但等十五天的修煉周期過去,馮宛琴悲哀地發現,他們倆,才掌握到第二品的「天陽境」。
雖然已是二品境界,但無論天陽、還是地陰之境,都是基礎境界;
能掌握這個,並不算難,只要不是特別笨,十有八九能掌握。
一腔孤勇、沒日沒夜、滿懷的熱望,沒想到最後,居然就得了這麼個結果。
馮宛琴不能接受。
冰心台上,她一下子就泄氣了,身子靠在那塊寫著「冰心台」的石碑上,渾身軟塌塌的,人都站不起來了。
這時孫明傑和董瑩燈,也都在。
他倆今天的心情,特別好。
首先他們自己,已經掌握了第三品的玄意境,連真光境,雖未達到,也呼之欲出。
但這還不足以讓他們感到高興,因為這一批人中,比他們掌握更高品級的,還有好幾組。
只是,幸福是對比出來的;
他們一看「琴雲組」,忙活了半天,還以為多厲害呢,結果最後一看,才天陽境!
那「明燈組」的進展,可強太多了!
不是僅僅高一級的問題,既然是境界,不能這麼算,高一級,戰力能超出好幾倍呢。
於是他二人,對視一眼,都從對方得意的眼神中,看出了同一個意思:
「這次考核,穩了。
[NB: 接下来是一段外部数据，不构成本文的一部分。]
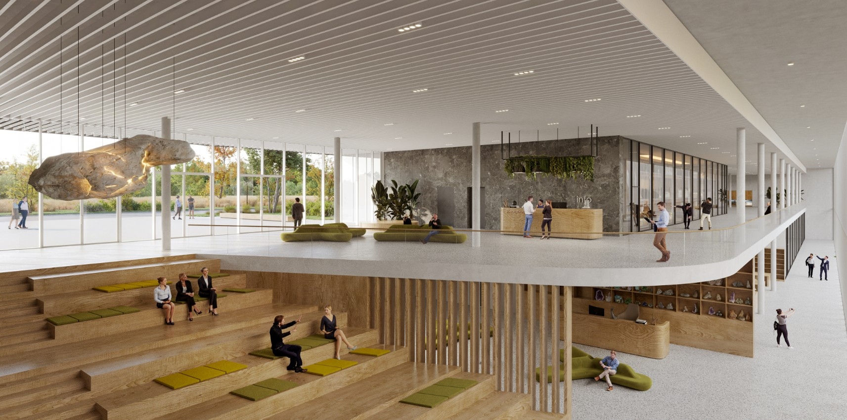 A földszinti látogatói közlekedő területek galériásan kapcsolódnak a pinceszinti publikus közlekedő terekhez. A belső átriumot bekapcsoltuk a látogatói zónába, az oda telepített gazdag növényvilág egy bejárható botanikus kert.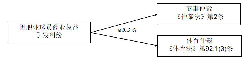 (六)因職業(yè)球員商業(yè)權益引發(fā)糾紛,由當事人自愿選擇商事仲裁、體育仲裁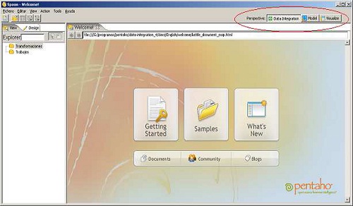Tras descargar el plugin y descomprimirlo en data-integration/plugins/spoon ya podemos volver a arrancar Kettle y tener todas las funcionalidades disponibles. De entre las cuales, destacan a primera vista, las 3 vistas posibles.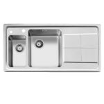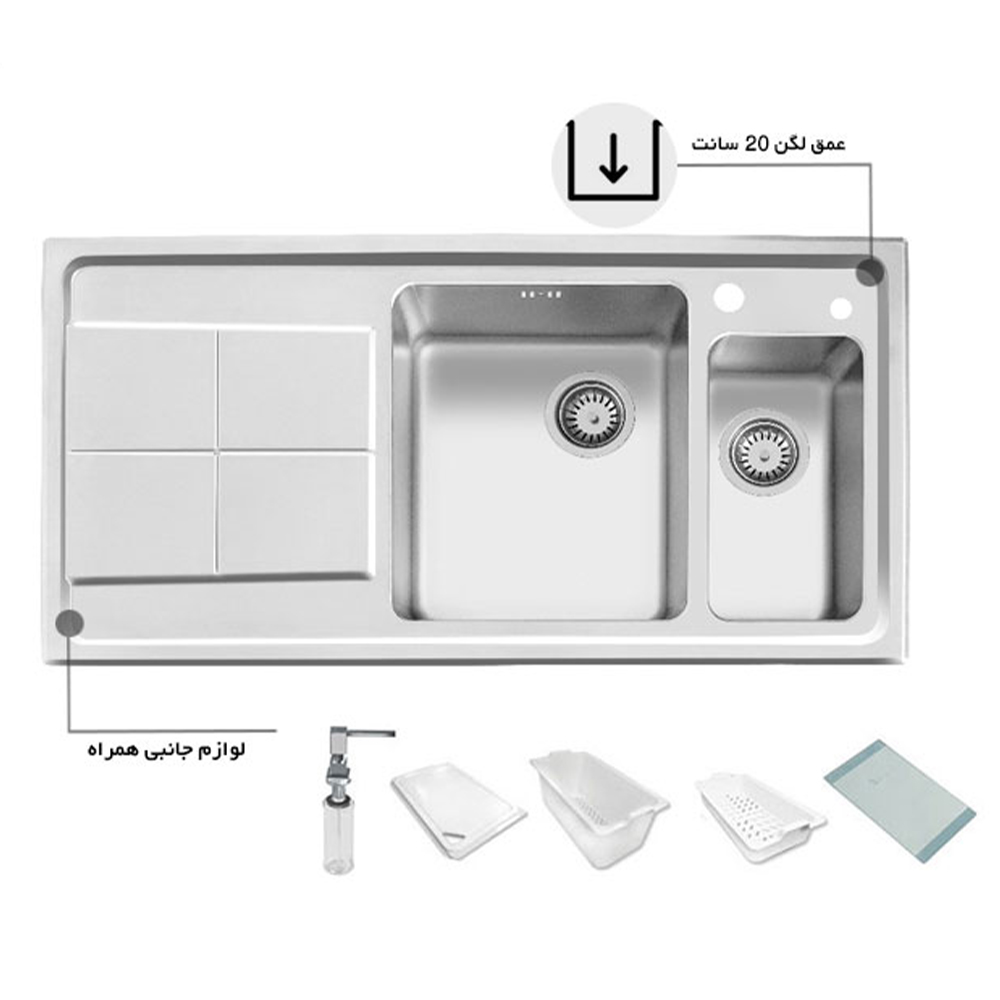 سینک اخوان توکار 306 با کیفیت بسیار عالی و ورق 1 میلیمتری و عمق لگن حدود 20 سانتی متری با طرح سینی بدون سر ریز به همراه یک لگن و میوه شور ابعاد این محصول 100 در 50 سانت میباشد

」
他倆似乎已經想到馮宛琴和李雲絕,滿頭大汗、忍著臭味,奮力清掃滿山茅廁的情景了。
他倆差點笑出聲來。
占著上風,人便容易大度。
先前宣布配對時,他倆幸災樂禍的意思,溢於言表,但這會兒,他倆卻不約而同地,辛苦地忍住了笑。
見馮宛琴癱靠在石碑上,李雲絕站在一旁不知所措,董瑩燈忙走過來,用關切的語調說道:
「宛琴師妹呀,這是怎麼了?是扭傷腳了嗎?」
馮宛琴一愣,仰臉看向董瑩燈。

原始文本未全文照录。